Mean microplastic concentration in five different laboratory waters quantified as particle count/300 mL. The letters a, b, and c indicate statistically significant differences in the means among five laboratory waters at level p < 0.05 as determined by t-tests.
There was no statistically significant difference between RO, NP, and HPLC waters. Significant differences were observed between the microplastic concentrations in RO and TAP (p-value <0.05), NP and TAP (p-value <0.001), and HPLC and TAP (p-value <0.01). In addition, significant differences were observed between the microplastic concentrations in DI and NP (p-value <0.05). There was no significant difference in the fiber to fragment ratio between the five different laboratory waters (Supplementary Table S1). Similarly, there was no difference in the sizes of particle and fibers recovered from the various laboratory waters, although both morphologies were smallest in the NP water.
Filtering apparatus
Summarizing results of the 20 trials in this experiment reveals that a vast majority of particles are lost on the filtering apparatus (Fig. 2). Only 0.73% of particles (1 symmetrical fragment and 1 irregular fragment) adhered to the magnetic stir bar, 3.67% of particles (5 symmetrical fragment and 5 irregular fragments) adhered to the rinsed beaker, 6.59% of particles (2 symmetrical fragment, 14 irregular fragment, and 2 fiber) adhered to the filtering head, and 89.01% particles (33 symmetrical fragment, 95 irregular fragment, and 115 fiber) adhered to the filtering cup. Based on morphology, the particles lost overall to labware adherence were 15% symmetrical fragments, 42.1% irregular fragments, and 42.9% fiber.

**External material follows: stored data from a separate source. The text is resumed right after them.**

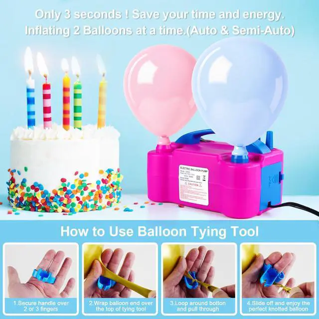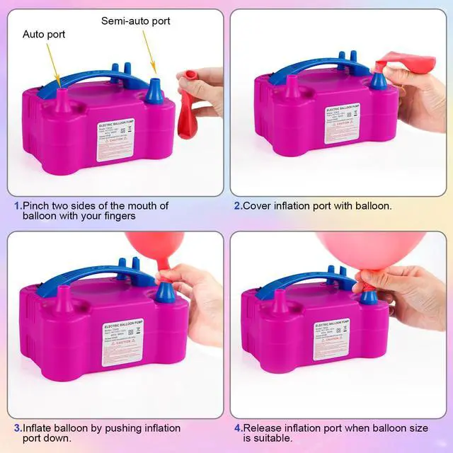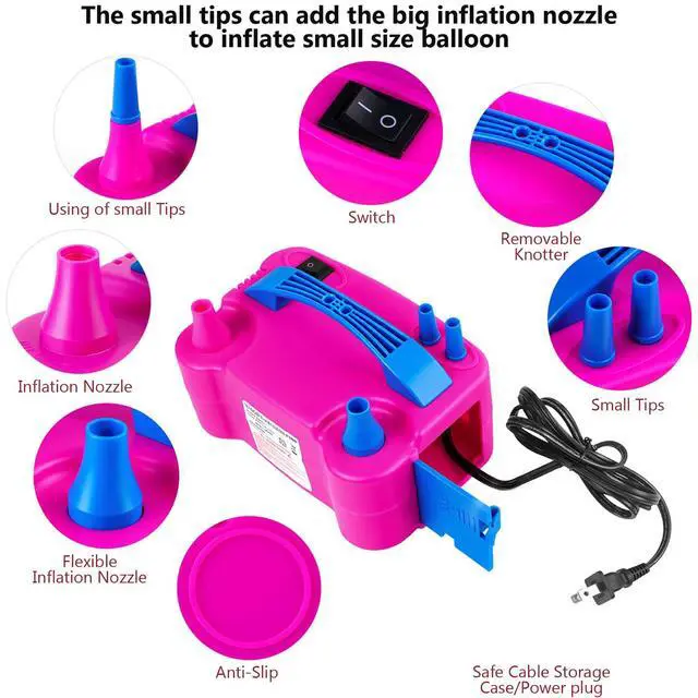 Multifunction: Multiple size hole for multiple size balloons. It contains 2 small size nozzles,which allow you to blow up the small balloons. Also includes 2 tying tools, makes you easier to tie balloons.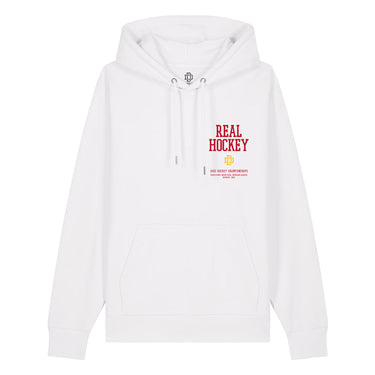This Real Hockey Spain hoodie features a print on the left breast and a big print on the back. This garment is unisex, made with organic cotton and printed ethically.
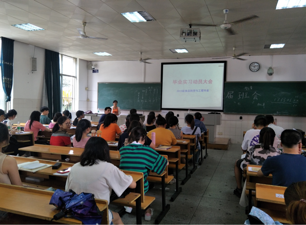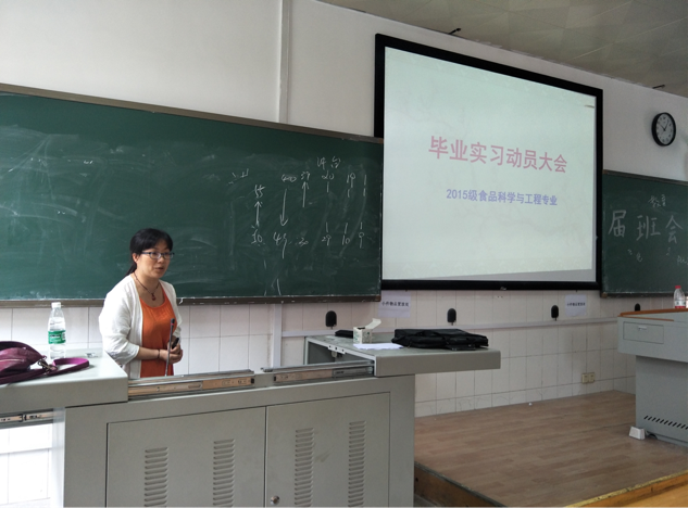 为保障实习工作的顺利开展,2015级食品科学与工程专业毕业实习动员大会于2018年7月13日上午在西外语楼102教室顺利召开,易诚副院长、宾冬梅教授、陈晓华博士和相关专业老师参加会议。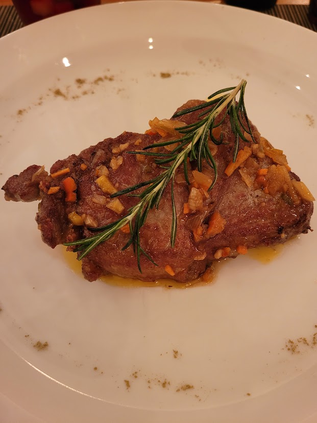 Then came the main event: a juicy, 16 oz prime New York strip steak, grilled just right, served with a delightful chimichurri sauce that had the nerve to be both bold and balanced. Every bite was seasoned just right, tender, and full of “this is what I came for” energy. Because after all, we were at a steakhouse.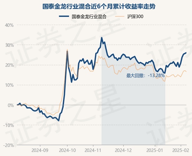 证券之星消息,2月11日,国泰金龙行业混合最新单位净值为0.334元,累计净值为5.702元,较前一交易日上涨0.3%。历史数据显示该基金近1个月上涨8.44%,近3个月下跌5.65%,近6个月上涨26.04%,近1年上涨20.14%。该基金近6个月的累计收益率走势如下图: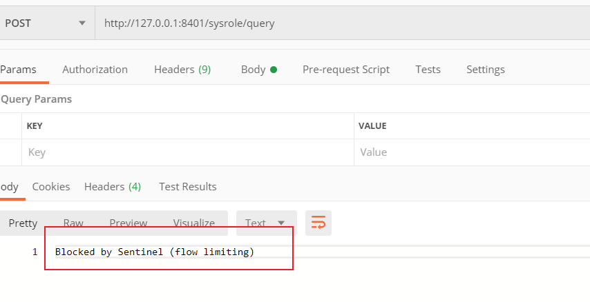 * 与此同时访问“/sysrole/query”资源接口,被限流了!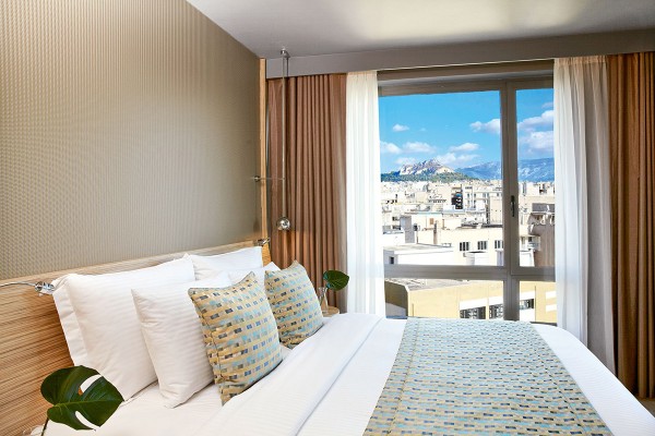 In plus este singurul hotel din Atena care ofera vederi panoramice lde 360 de grade ale Acropolei,dealul Lycabettus si al Golfului Saronic, gratie impresionantului sau restaurant de pe acoperis.Bucurati-va de vederi impresionante la un cocktail sau la o masa incantatoare sau la piscina exterioara.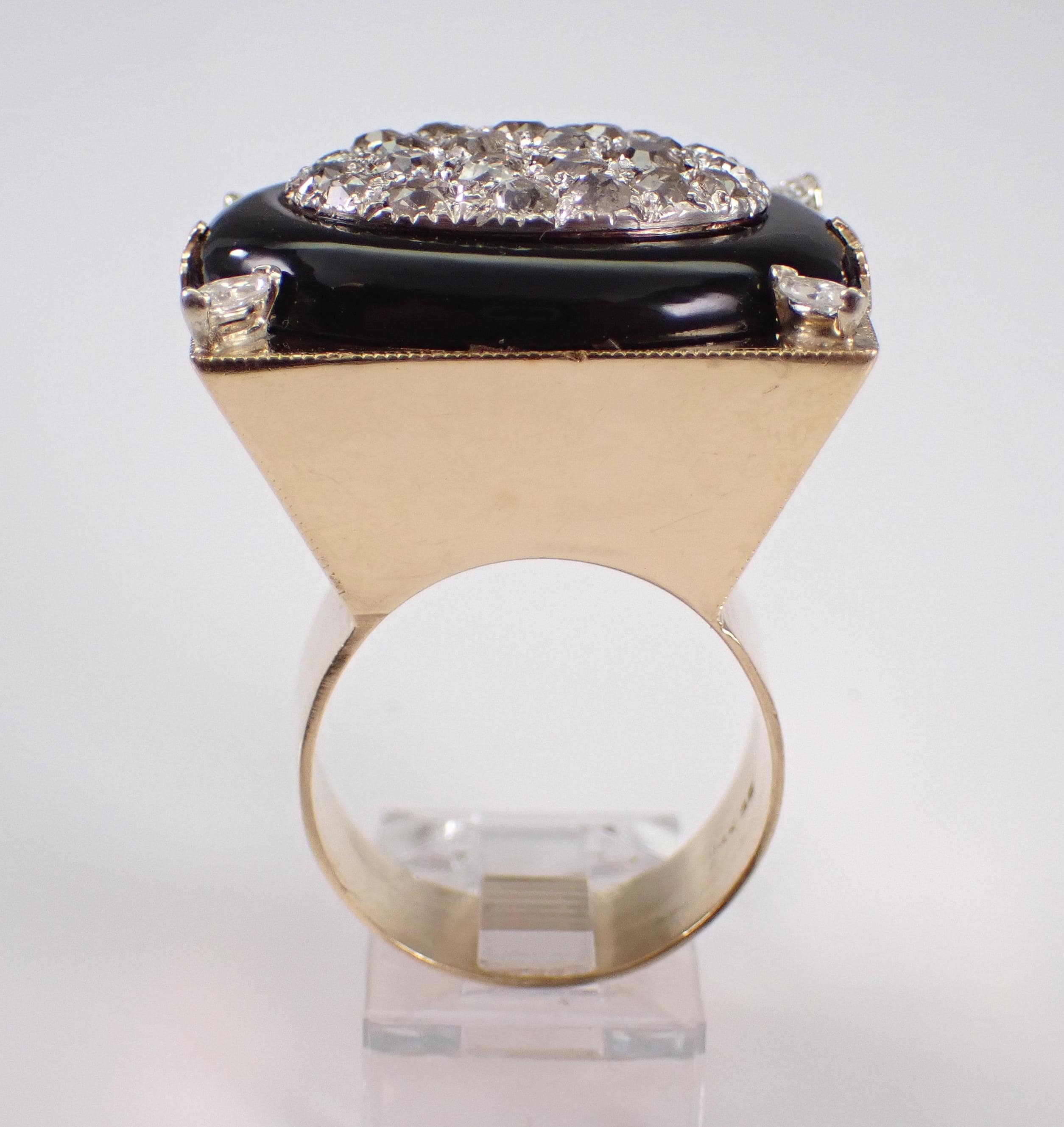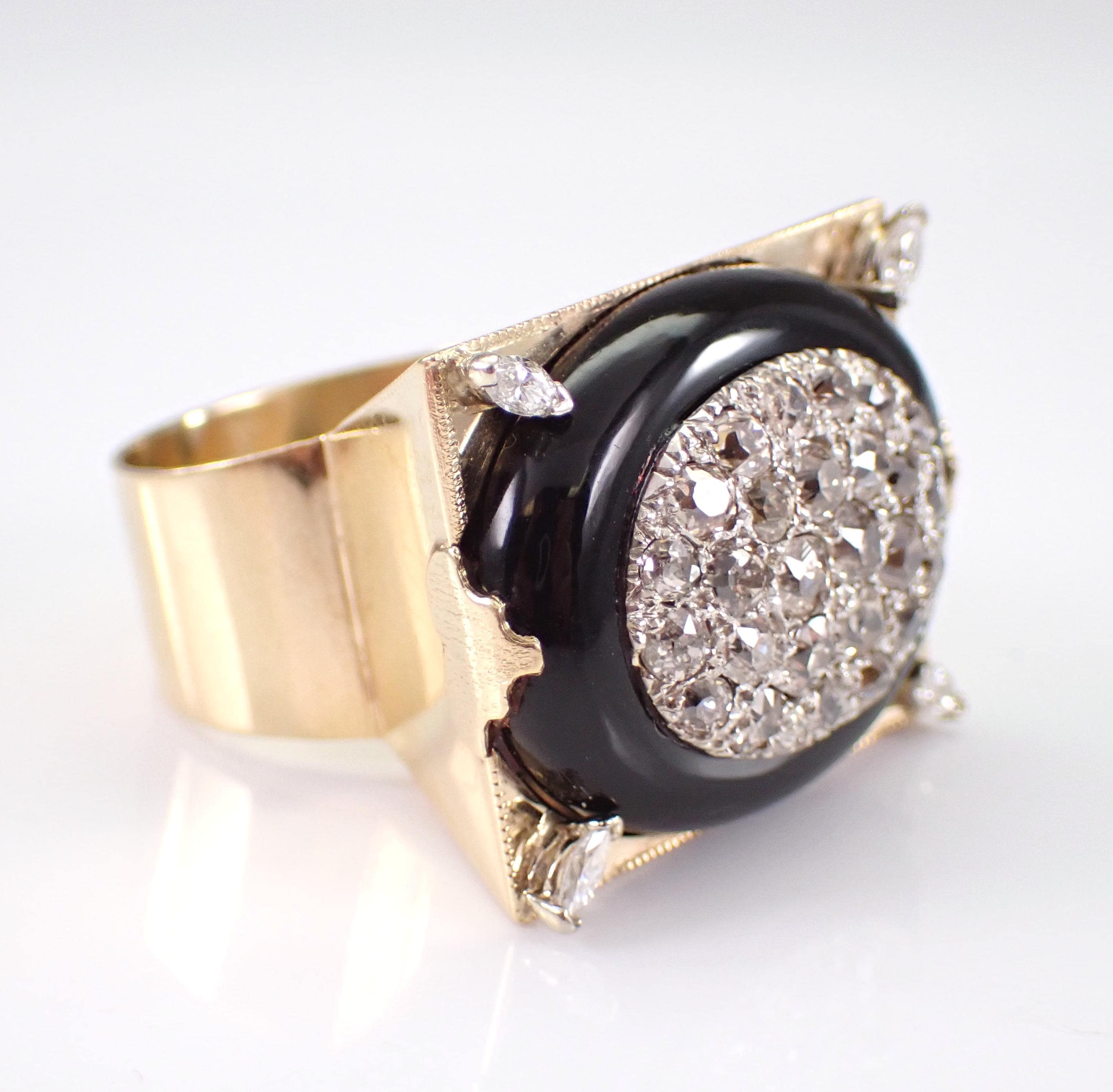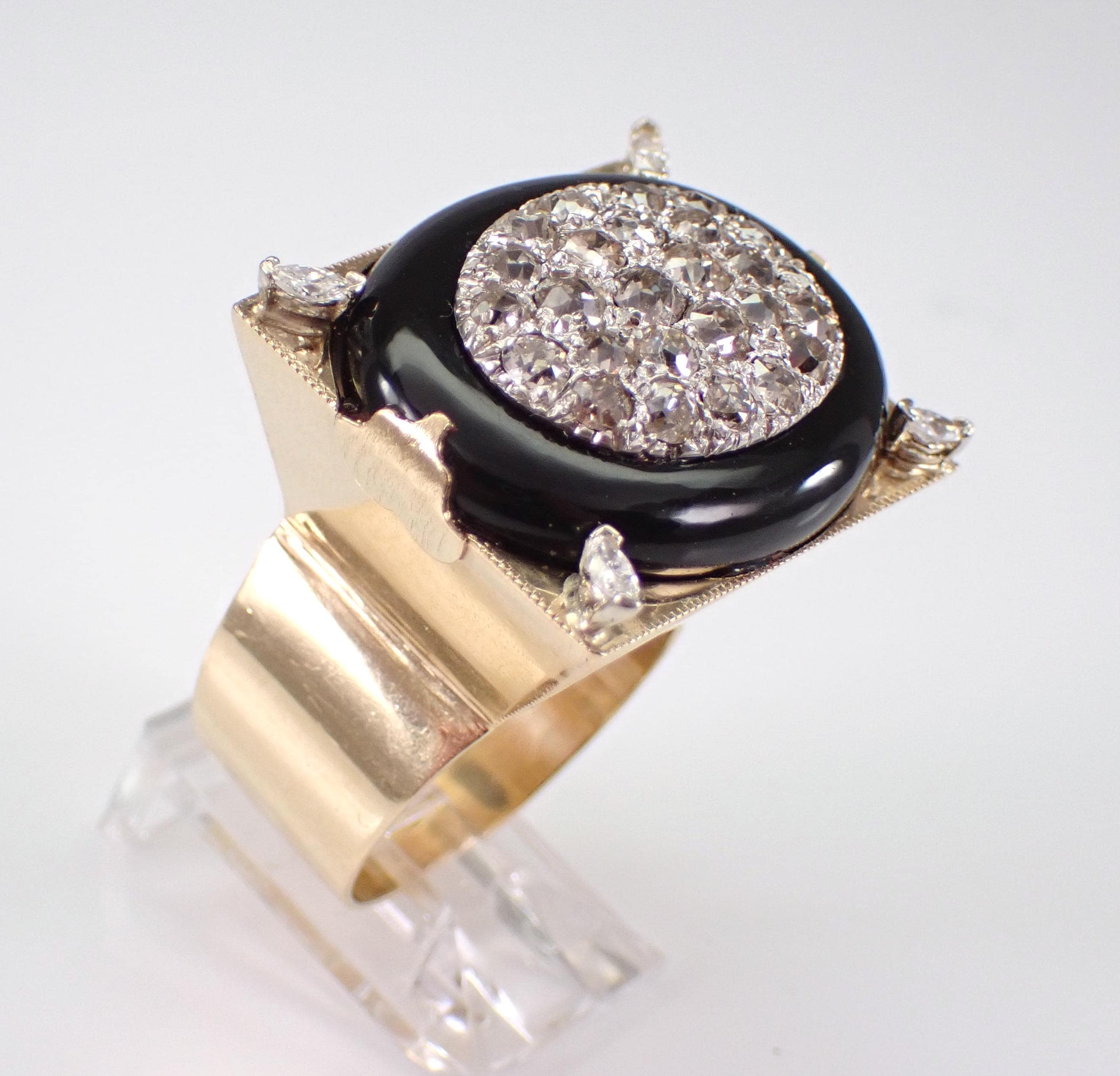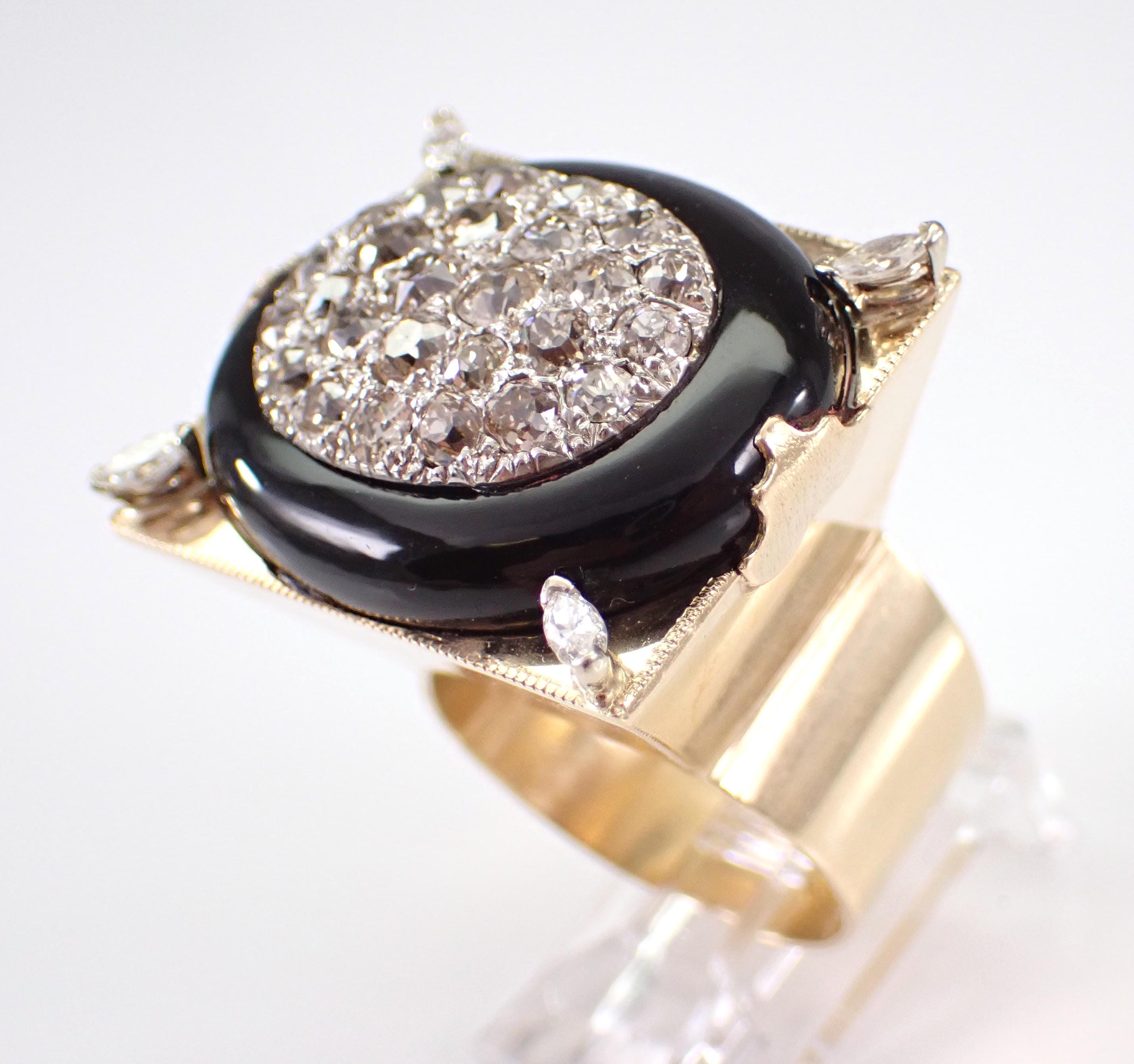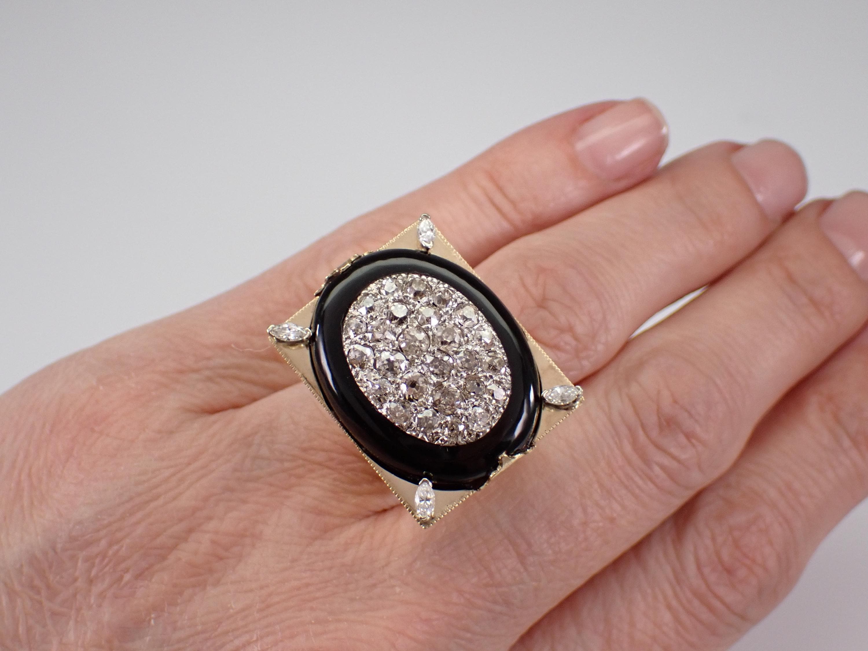 14K Yellow Gold onyx and diamond ring. This vintage ring is set with four genuine Marquise Diamonds, twenty-six Round Old Miner Diamonds and an Oval Black Onyx. This Black onyx measures 25.5 X 20.5 mm. The diamonds in this ring are I/J color, SI/I1 clarity and weigh a total of 3 carats. This ring is 14KT Yellow Gold, weighs 11.3 grams and is a finger size 7 3/4, which can be resized (please inquire about sizing with the finger size you need). The top of this ring measures 27 X 21 mm and the ring sits up 16 mm off the finger. This ring dates back to Circa 1970's and will be accompanied by an appraisal written by a GIA Certified Diamond Grader with the retail replacement value of $8,695.00. I will ship this ring promptly in a beautiful gift box.

Stained standard particles adhered to the cup
When comparing performance of the borosilicate glass against the stainless-steel filtering apparatus using a Wilcoxon Rank Sum test, a significant difference is observed for microplastics of the irregular fragment morphology (p-value <0.01), suggesting the effectiveness of the two filtering apparatuses are not equal. However, there was no significant difference in the symmetrical fragment or fiber morphology (Fig. 3).
Comparison of recovered plastic standards representing three morphologies, filtered through a glass apparatus versus a steel apparatus.
Imaging software
Since each filter was spiked with 15 standard particles, an expected quantity (5 fibers, 5 symmetrical fragments, and 5 irregular fragments) can be compared to what was detected by each of the two imaging software programs, ImageJ and MIPAR. When the initial customized algorithm for MIPAR was developed, it was only capable of identifying two morphologies, fiber and fragment. ImageJ with MP-VAT, however, was capable of identifying three morphologies: fibers, fragments, and particles. Fragments are defined as irregular and particles are defined as circular. Due to this difference in the number of morphological categories in each imaging system, there were two groups analyzed with both ImageJ and MIPAR.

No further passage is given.